山田うどんは麺類以外に定食やサイドメニューも充実しているのが売りの一つだが、郊外型の店舗はトラック運転手など自動車で来店する男性の利用が多く「客層が偏りがちだった」(同社)。屋号に「食堂」を加え、店の外観や内装も一新して家族連れも来店しやすくする。

1962年に作った同社のシンボルマークにも変更を加える。への字形だった赤いかかしの口を反転して笑顔にさせ、来店客を歓迎する表情に。「食堂」の文字には箸やおわんのデザインも盛り込む。

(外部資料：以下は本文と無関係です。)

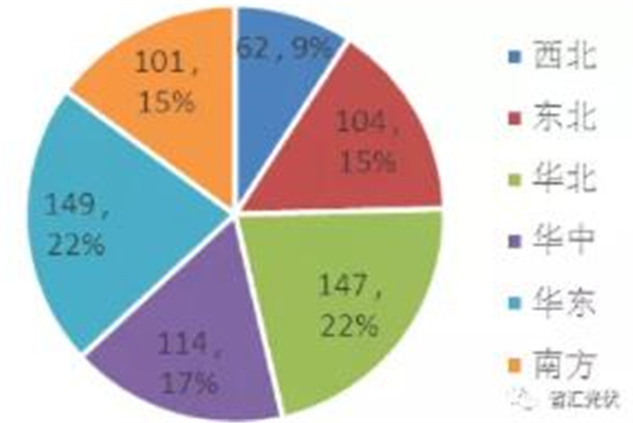 從區域分布來看,中東部和南方地區新增風電并網363萬kW,占全國的53.6%。各區域一季度新增裝機如下圖所示。
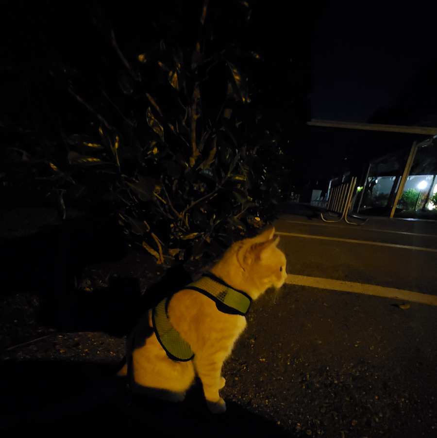 With Fall upon us, the days are getting shorter. As a consequence, Frankie sometimes goes on a walk while it is still dark outside.
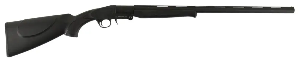This I.O SB 12 gauge shotgun features a black synthetic stock, 28" barrel with vent rib, and fixed choke tube.
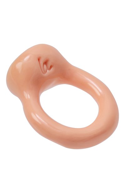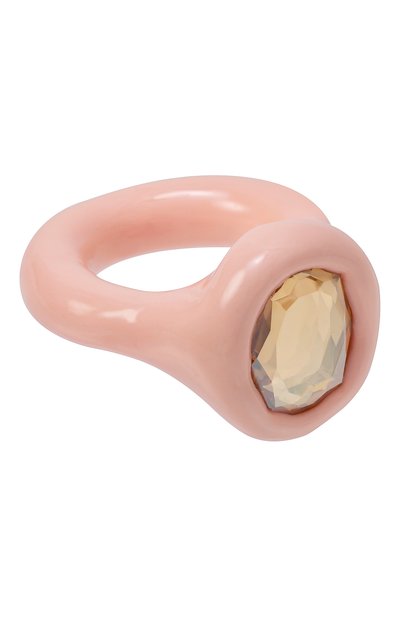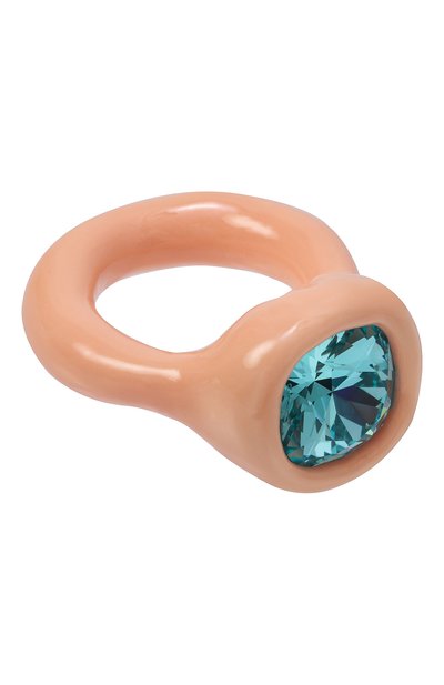Кольцо выполнили вручную из полимерной глины и покрыли прозрачным глянцевым лаком. Аксессуар с тисненой эмблемой марки декорировали крупным кристаллом Swarovski в форме сердца.

郊外型の店舗は2009年に埼玉県越谷市に出店して以来、9年ぶりだ。リーマン・ショック後は郊外型の出店を抑え、都内のオフィスビルにテナント型の店舗を出したり、酒やつまみなどを提供する新業態の店舗を開業したりして新たな顧客層の開拓に力を入れてきた。

郊外型の既存店では経営改善や営業力強化に軸足を置いてきたが、収益増に向けた起爆剤として新規出店に踏み切る。物件が比較的見つけやすく、新たな屋号も浸透させやすいと判断したからだ。新店舗の客足を見極めつつ、今後の出店戦略を探る。